But it has certainly not been the only occasion upon which observers have attempted to make an educated guess about which school grade the Republican nominee should transfer into. In March, Stanley Druckenmiller, the billionaire founder of Duquesne Capital, told CNBC that Trump has a “kindergartner . . . view of economics.” Last month, President Obama suggested that Trump—who, on the evidence of his debate performances, seems almost constitutionally unable to look at a black person without spiralling into spurious fearmongering about inner-city blight—knew less about the history of the African-American experience than the average third grader. Nicholas Kristof, in the Times, tagged Trump as a “seventh-grade bully,” then apologized to the nation’s thirteen-year-old boys for insulting them.
Other candidates might blanch at regularly having their behavior compared to that of a grade-schooler; Trump can hardly do so, having bragged to one of his recent biographers, Michael D’Antonio, that his temperament hasn’t changed since he was in first grade. Meanwhile, the nation’s teachers are struggling with how their civics classes might tackle this campaign, the most uncivil in recent American political history. As one seventh grader in Eau Claire, Wisconsin, recently told the Times, “If you repeat some stuff that Trump says, you could get sent to the principal’s office. Maybe even expelled.”
The campaign in its closing weeks has, for educators and parents, become one prolonged, unsavory teachable moment, with the acquisition of new vocabulary words (“misogyny,” “unconsensual” ) and the loss of others (“pussy,” in its prelapsarian, feline usage). But it has also been remarkably devoid of any real discussion of educational issues. In the three Presidential debates, not a single question was addressed to the candidates about their views on education. And, apart from Hillary Clinton’s fleeting mentions of affordable child care and debt-free college tuition, neither candidate sought to raise the issue.
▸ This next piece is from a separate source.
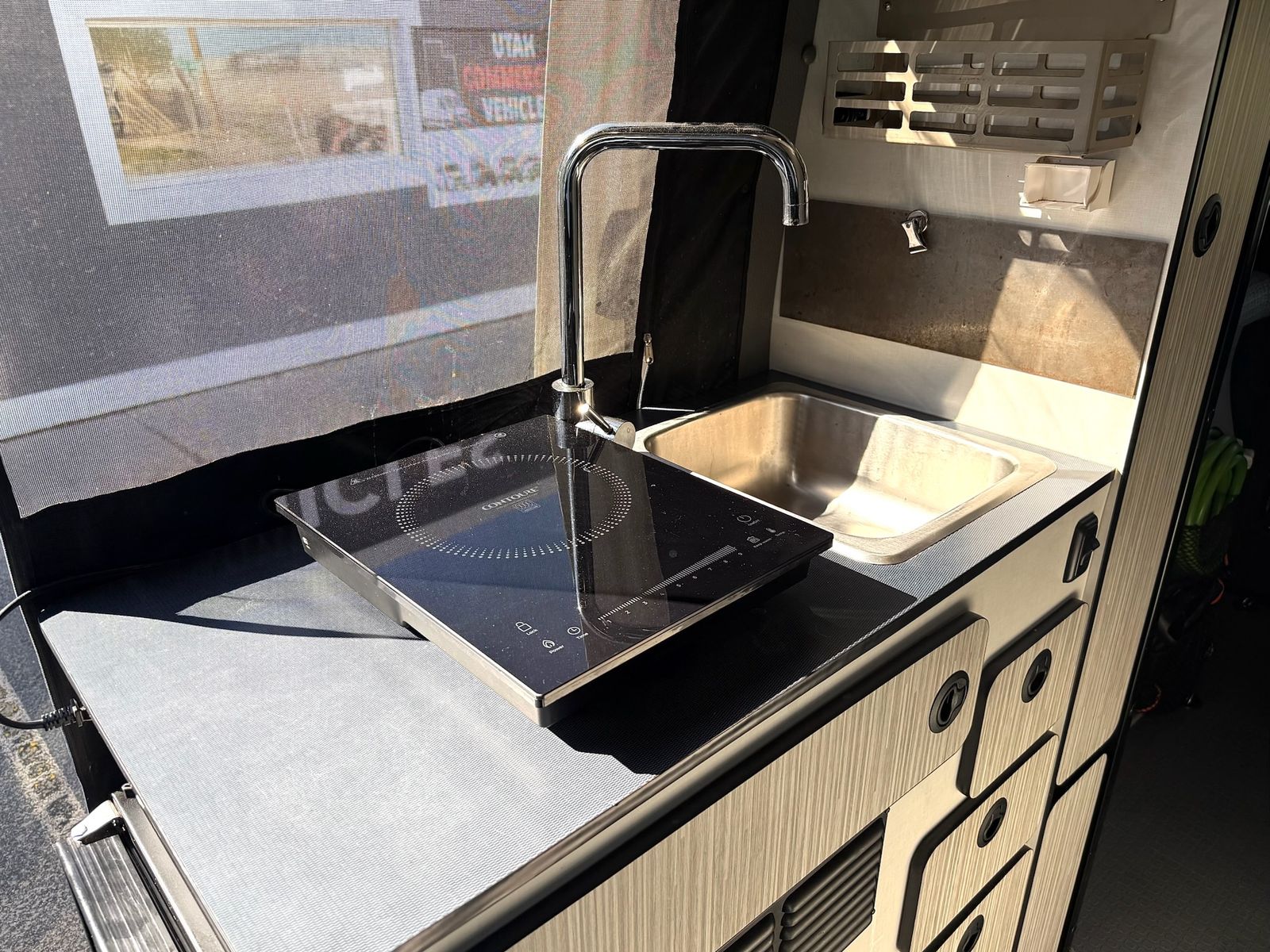 ✔ Kitchen Setup – Sink portable cooktop for easy meals anywhere

Fifty million children are enrolled in public schools in the U.S., yet in none of the debates was there any discussion of the areas of concern that have occupied educators and parents in recent years: the Common Core, teacher evaluation, standardized testing, or the effective segregation of schools in many parts of the country, including in New York City.
Unsurprisingly, the candidates differ as much on their approach to education as they do on virtually every other issue, as the Washington Post outlined in a helpful analysis earlier this month. In September, Donald Trump delivered a speech at the Cleveland Arts and Sciences Academy, a charter school in Cleveland, Ohio, in which he offered his vision, though not before delivering an extended peroration about the perfidies of his Democratic opponent—e-mail, Iraq, the Clinton Foundation—unrelated to educational concerns. When he did get around to his own proposals, he spoke of expanding existing school-choice programs, promising that in a Trump Administration twenty billion dollars of federal education funds would be reassigned to provide a block grant enabling the eleven million students living in poverty to attend the private or public school of their parents’ choice. “Competition always does it,” he said. “The weak fall out and the strong get better. It is an amazing thing.” He advocated merit pay for teachers, stated his opposition to Common Core, and spoke in favor of charter schools and against teachers’ unions. “It’s time for our country to start thinking big and correct once again,” he declared, thereby failing to meet the second-grade Common Core standard 2.1.E. (“Use adjectives and adverbs, and choose between them depending on what is to be modified.”)
Clinton has a long-standing commitment to educational issues; as First Lady of Arkansas, in 1983, she headed a committee to improve academic achievement among the state’s public-school students. She has declared the intention of “preparing, supporting, and paying every child’s teacher as if the future of our country is in their hands,” and has given some suggestions as to how that estimable goal would be accomplished. She has said that she will provide funding to increase the teaching of computer science; she has also pledged to fund the rebuilding of school infrastructure, and to address the so-called school-to-prison pipeline, whereby African-American and minority students are disproportionately subject to overly punitive disciplinary policies, often involving law enforcement, within the schools they attend; she would fund interventions in social and emotional learning, to the tune of two billion dollars.
Education is hardly the only issue that has been eclipsed by more sordid concerns in the current campaign. It is perhaps not even the most important, existentially speaking: no questions about climate change were posed at any of the debates, a startling oversight. The next President, whoever she is, will in any case have a smaller role to play in determining education policy than did her predecessor: the bipartisan Every Child Succeeds Act, which reduces the role of federal government in decisions related to schools, and grants larger autonomy to the states, was signed into law by President Obama almost a year ago.
But it would have been illuminating had the candidates been prodded, even a little, to define their perspectives on the value of education. In these last weeks of the campaign, Trump has taken to speaking of his efforts to become the leader of the free world—travelling the country, talking to voters—as a journey of personal growth: “This has been such an incredible education for me,” he told Chris Wallace, in the final debate. For the rest of us, however, it has been a singularly unedifying spectacle, and for none is this truer than for those not yet old enough to vote.